Yes, you are doing the smart thing by having a password manager with a different passcode than your iPhone access. Access to your phone is not access to everything.

But, for those who use Keychain, access to the iPhone is access to everything, including changing your Apple ID. This is the weakness that Apple should address.


I think that only asking for a pin to change your Apple ID password is to simple. I think maybe asking your current password would be safer.


Just want to point out that someone with your passcode can reset your FaceID and use his/her face instead of yours to unlock stuff.

Some apps, like 1Password, have implemented code that recognizes FaceID was reset and will ask you for your password before enabling you to log into it. Many more, unfortunately, don’t.

That’s yet one more thing to point out developers should be doing a better job in designing security UX, even at the OS level.

One could also hack a “second passcode” via Screen Time (othird-partyarty app such as AppBlock) to block some critical apps. It is only one more deterrence, though, but may de worth it to someone.
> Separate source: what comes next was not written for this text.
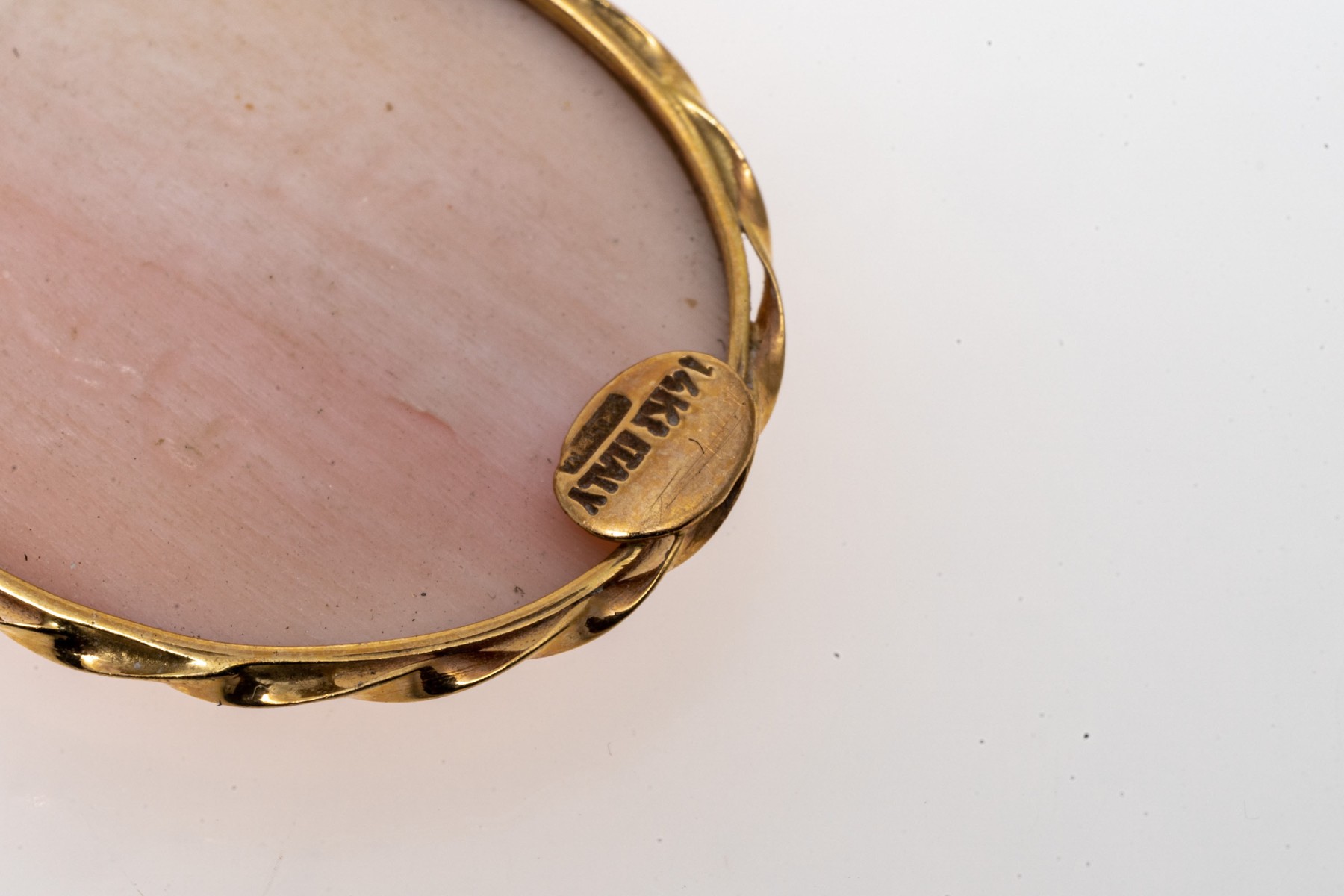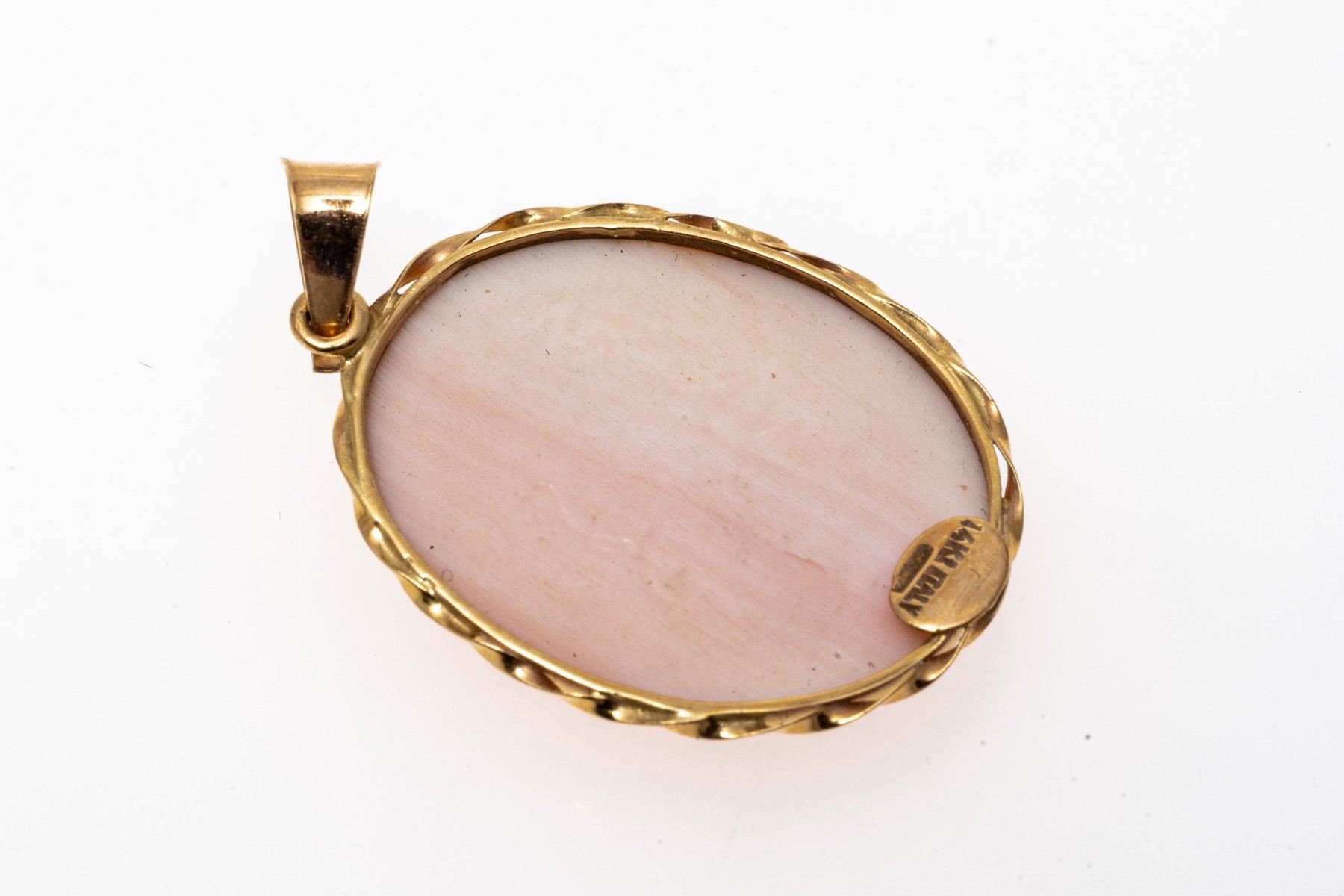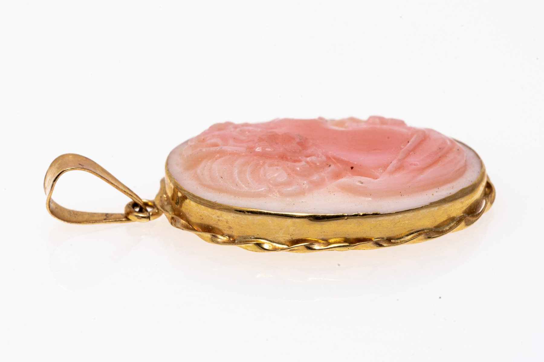 14K yellow gold pendant. Set into the pendant is a pale pink toned cameo displaying a female profile.
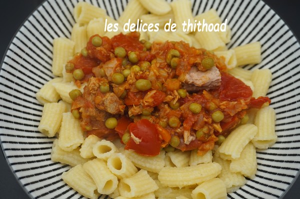 Un plat tout simple réalisé avec des conserves, sauf pour les pâtes que je réalisent moi-même.

I feel the same about this and other threads on the same topic here. But I think we, as a community, do better if we try to keep a positive attitude and just ignore comments that are not helpful. Let’s just hope positive comments prevail and the community stays sane.


What an appalling and discriminatory comment, and you’re not the only one in this thread; sad to say.

Let’s hope that people do not treat you with the same disdain you treat them when you make a mistake.